▼

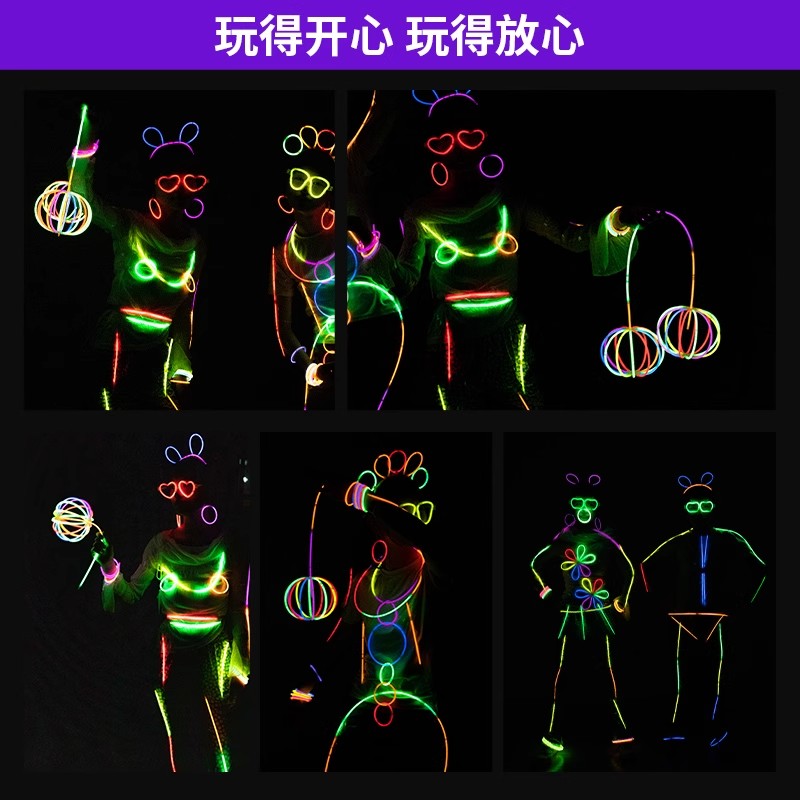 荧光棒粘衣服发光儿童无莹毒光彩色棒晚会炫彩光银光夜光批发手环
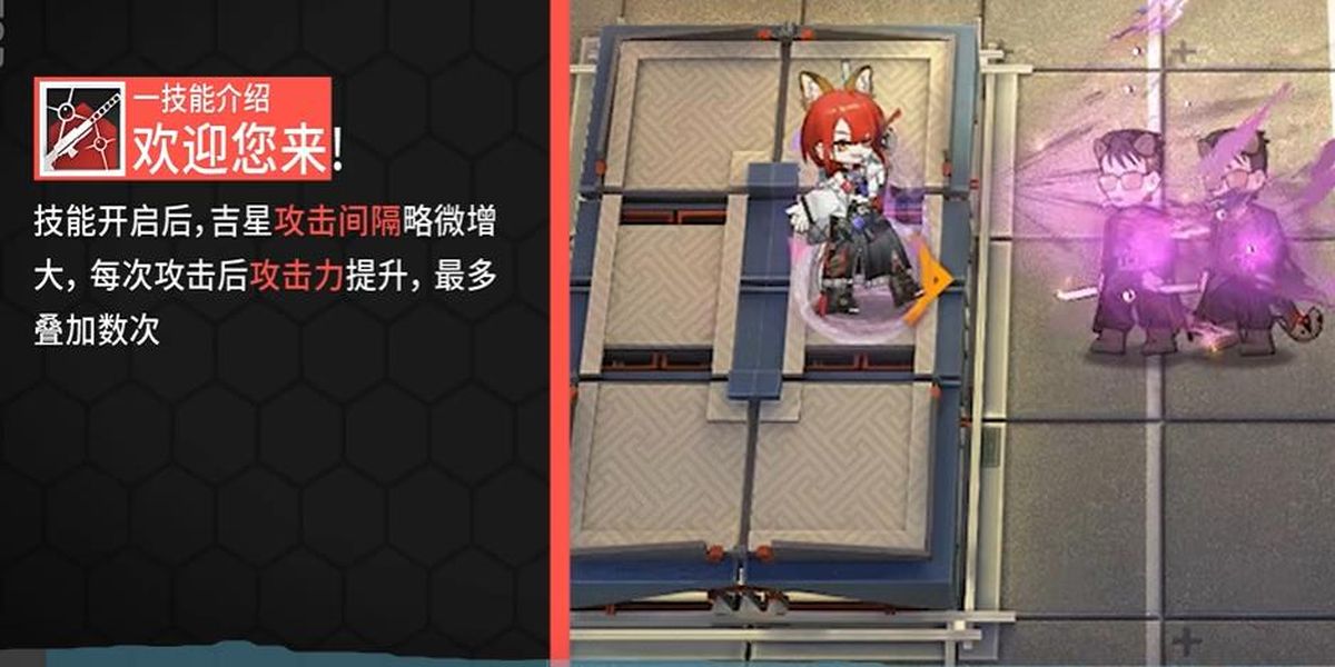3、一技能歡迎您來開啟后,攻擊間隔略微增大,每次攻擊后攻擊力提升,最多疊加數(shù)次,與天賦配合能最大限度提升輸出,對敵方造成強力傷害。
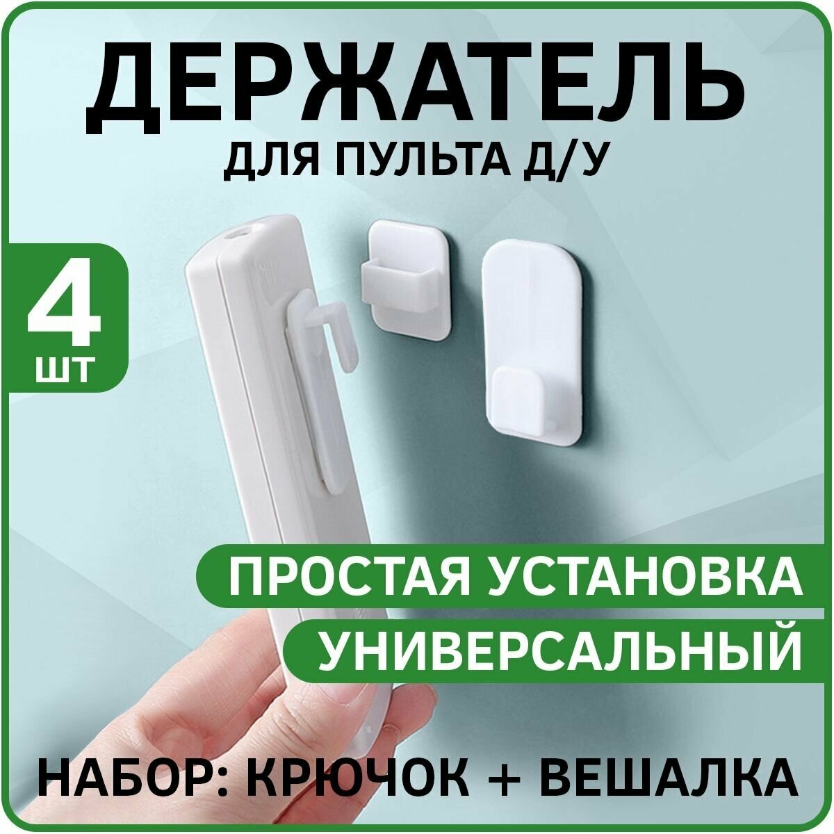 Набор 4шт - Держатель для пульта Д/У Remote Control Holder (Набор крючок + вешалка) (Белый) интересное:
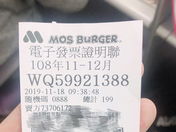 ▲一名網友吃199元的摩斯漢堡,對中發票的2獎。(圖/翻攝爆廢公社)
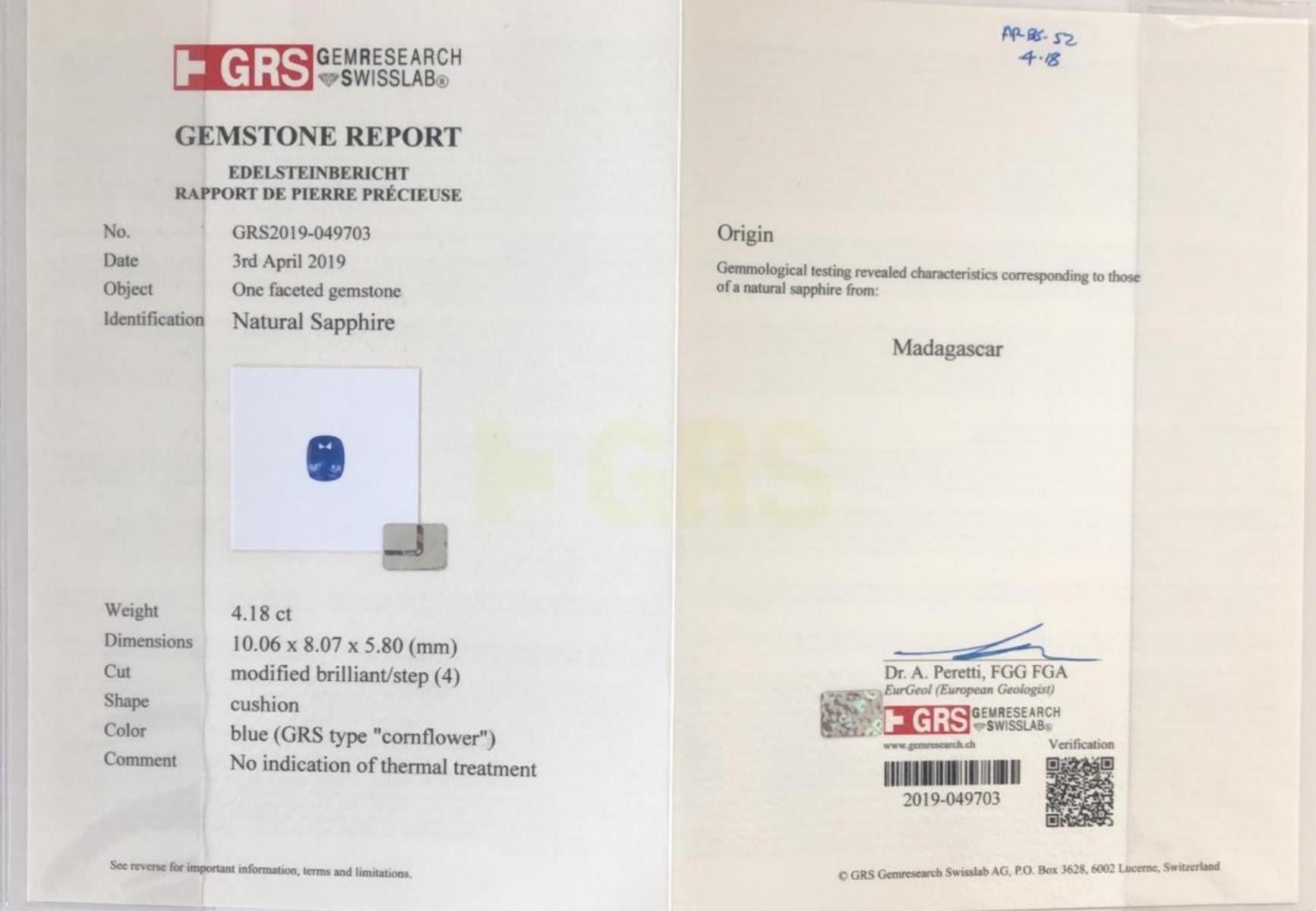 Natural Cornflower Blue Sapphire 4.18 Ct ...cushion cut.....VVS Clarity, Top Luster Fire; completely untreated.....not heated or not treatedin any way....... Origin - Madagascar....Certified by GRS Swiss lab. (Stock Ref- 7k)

▲

WHAT IS EXPECTED: Only the lines from the one containing "Набор 4шт - Держатель" through the last line of the entries belong in the answer, given again exactly. Images stay out.

EXERCISE RESPONSE:
 Набор 4шт - Держатель для пульта Д/У Remote Control Holder (Набор крючок + вешалка) (Белый) интересное:
 ▲一名網友吃199元的摩斯漢堡,對中發票的2獎。(圖/翻攝爆廢公社)
 Natural Cornflower Blue Sapphire 4.18 Ct ...cushion cut.....VVS Clarity, Top Luster Fire; completely untreated.....not heated or not treatedin any way....... Origin - Madagascar....Certified by GRS Swiss lab. (Stock Ref- 7k)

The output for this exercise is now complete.